Similarly, Amy’s family and friends have been caught in the aftermath and blame – the accusation that they could have done more. But who knows what they did do, and who knows how any of us would cope with someone so determined, so challenging, so broken…Reclaiming Amy on BBC this weekend certainly challenges that perception.


Listening back now, I feel it’s almost voyeuristic. We are listening to the end of two people’s lives. But I push back that guilt and try and enjoy the beauty of these songs born from tragedy.


Love Is A Losing Game is truly one of the most gorgeous, heartbreaking songs I have ever heard - "Over futile odds and laughed at by the gods. And now the final frame - love is a losing game". You know this is her and her husband, their dysfunctional relationship poured out for all to see. Similarly, Decades is sublime, ghostly, his distressed view of his own life, and the promise unfulfilled. The music is also the wayfinder for where the remaining members of Joy Division would go next, with the icy disco of New Order. It's a strange love song to the band in its own way.


My family are from Sligo, and its most famous son was WB Yeats – his poem Easter 1916 has a line that encapsulates both albums perfectly “a terrible beauty is born”.

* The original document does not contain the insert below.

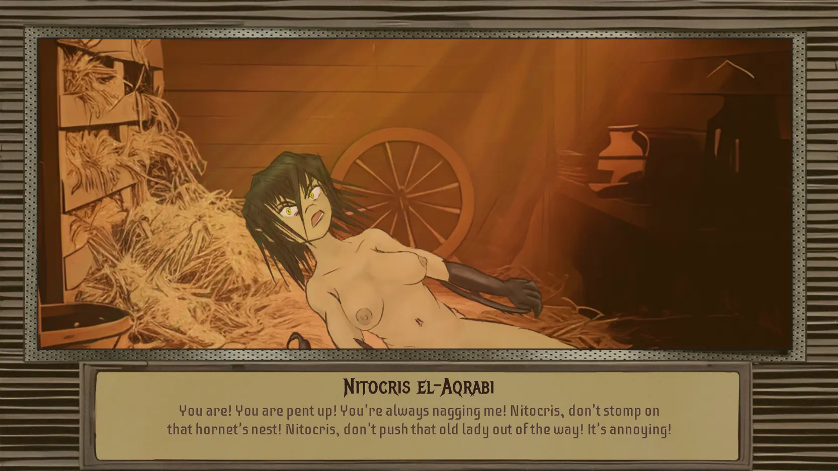 Nitocris is a tomboy scorpion girl with violent and psychopathic tendencies. Psychopathic tendencies which the MC is well-acquainted with. She proves her untrustworthiness and terrible nature by the day. However, though she may be objectively evil by nature and not capable of redemption, she is also hot. So there’s like, some moral grayness to be had here.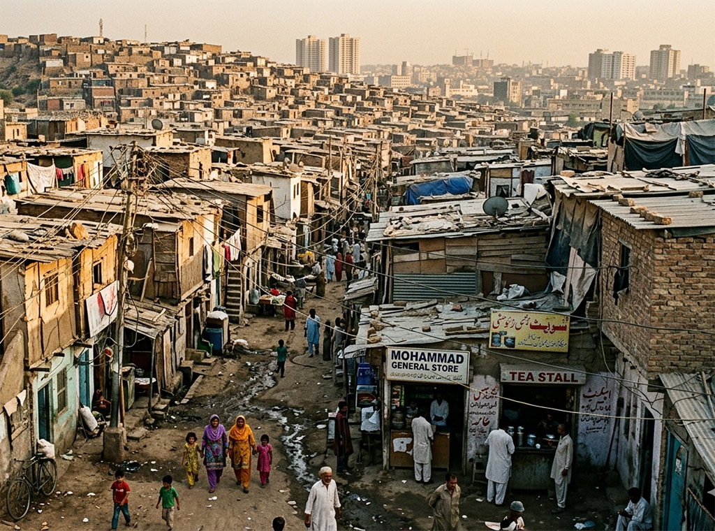 Inače, u Pakistanu su „neformalna naselja“, poznata pod nazivom katchi abadis, područja koja su nastala bez službenog urbanističkog plana i bez zakonskih dozvola za gradnju. Ova naselja čine značajan dio urbanog krajolika u velikim gradovima poput Karachija, Lahorea i Islamabada, a procjenjuje se da u njima živi skoro polovina gradskog stanovništva, pogotovo u Karachiju.

But ultimately, beauty is the word. Both artists left two beautiful works – to quote Peter Saville, Joy Division’s designer, “There’s two works Unknown Pleasures and Closer and that’s it. Everything else is merchandising – merchandising of memory”. The same is true for Frank and Back To Black. Everything else is just clinging to memories.


So this weekend, I will listen to their finest moments, be thankful that they gave us such beautiful albums, and thank them for the terrible cost that these came with.